7. [7] C. Si, D. Yang, and T. Hashimoto, "Can LLMs Generate Novel Research Ideas? A Large-Scale Human Study with 100+ NLP Researchers," Sept. 06, 2024, arXiv: arXiv:2409.04109. doi: 10.48550/arXiv.2409.04109.
8. [8] C. Si, T. Hashimoto, and D. Yang, "The Ideation-Execution Gap: Execution Outcomes of LLM-Generated versus Human Research Ideas," June 25, 2025, arXiv: arXiv:2506.20803. doi: 10.48550/arXiv.2506.20803.
9. [9] S. A. Rizvi et al., "Scaling Large Language Models for Next-Generation Single-Cell Analysis," Oct. 26, 2025, bioRxiv. doi: 10.1101/2025.04.14.648850.
10. [10] J. Gottweis et al., "Towards an AI co-scientist," Feb. 26, 2025, arXiv: arXiv:2502.18864. doi: 10.48550/arXiv.2502.18864.
11. [11] H. Wang et al., "Scientific discovery in the age of artificial intelligence," Nature, vol. 620, no. 7972, pp. 47–60, Aug. 2023, doi: 10.1038/s41586-023-06221-2.
12. [12] C. Lu, C. Lu, R. T. Lange, J. Foerster, J. Clune, and D. Ha, "The AI Scientist: Towards Fully Automated Open-Ended Scientific Discovery," Sept. 01, 2024, arXiv: arXiv:2408.06292. doi: 10.48550/arXiv.2408.06292.
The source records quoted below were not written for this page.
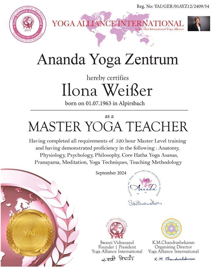 - Lizenzierte Yogalehrerin mit internationalem Masterabschluss, Hatha Yoga nach dem Prinzip Vinyasa Krama bei Claudia Schötz und Claudia Zoller, Deutscher Turnerbund e.V. (DTB), 2022-2024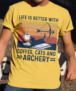 Life Is Better With Coffee Cat And Archery T Shirt.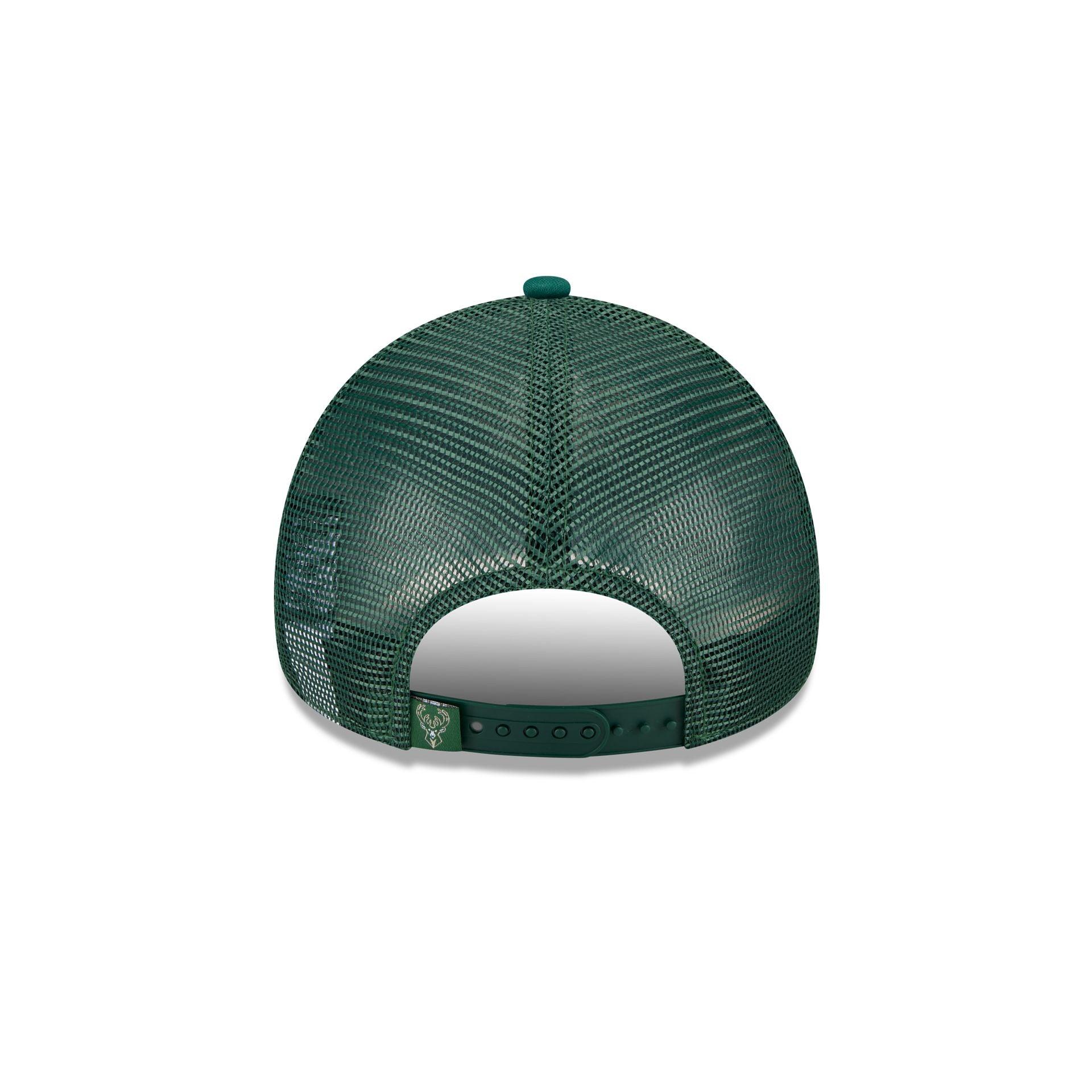 The Milwaukee Bucks Distressed 9FORTY A-Frame Trucker features a distressed screen-printed Bucks wordmark and logo at the front panels with a team tag at a snapback closure at the rear and a green undervisor.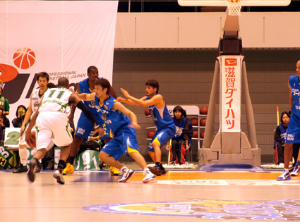 一戦目の二十九日は、長浜出身の小川伸也選手を中心に激しいディフェンスで相手のインサイド攻撃を封じ、ターンオーバー(オフェンスのミスでボールの保持がディフェンスに変わること)からの速攻やオールスターゲームのスリーポイントコンテストで連覇を果たした大津出身の岡田優選手の連続スリーポイントなどで波に乗り、点差を広げ、八十六対七十二で勝利した。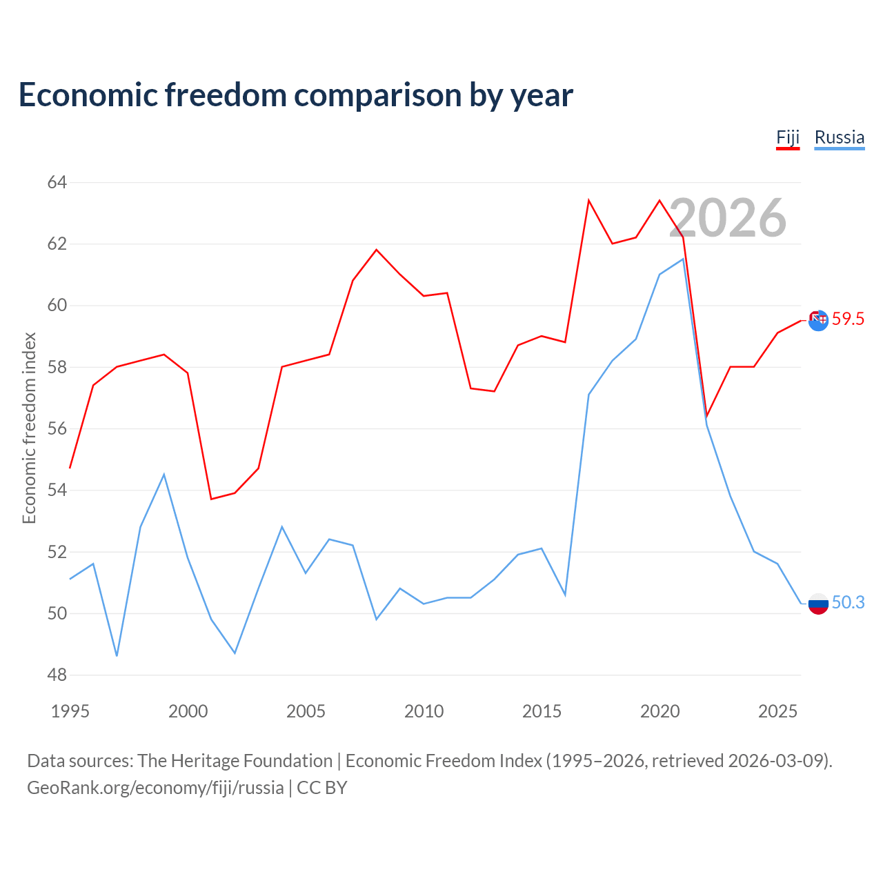 The Economic Freedom Index for Fiji is 59.5, ranking 103/197, compared to 50.3 for Russia, ranking 161/197. The chart above displays a comparison of annual changes in economic freedom indexes.

13. [13] Y. Yamada et al., "The AI Scientist-v2: Workshop-Level Automated Scientific Discovery via Agentic Tree Search," Apr. 10, 2025, arXiv: arXiv:2504.08066. doi: 10.48550/arXiv.2504.08066.
14. [14] L. Mitchener et al., "Kosmos: An AI Scientist for Autonomous Discovery," Nov. 05, 2025, arXiv: arXiv:2511.02824. doi: 10.48550/arXiv.2511.02824.
15. [15] S. Schmidgall et al., "Agent Laboratory: Using LLM Agents as Research Assistants," June 17, 2025, arXiv: arXiv:2501.04227. doi: 10.48550/arXiv.2501.04227.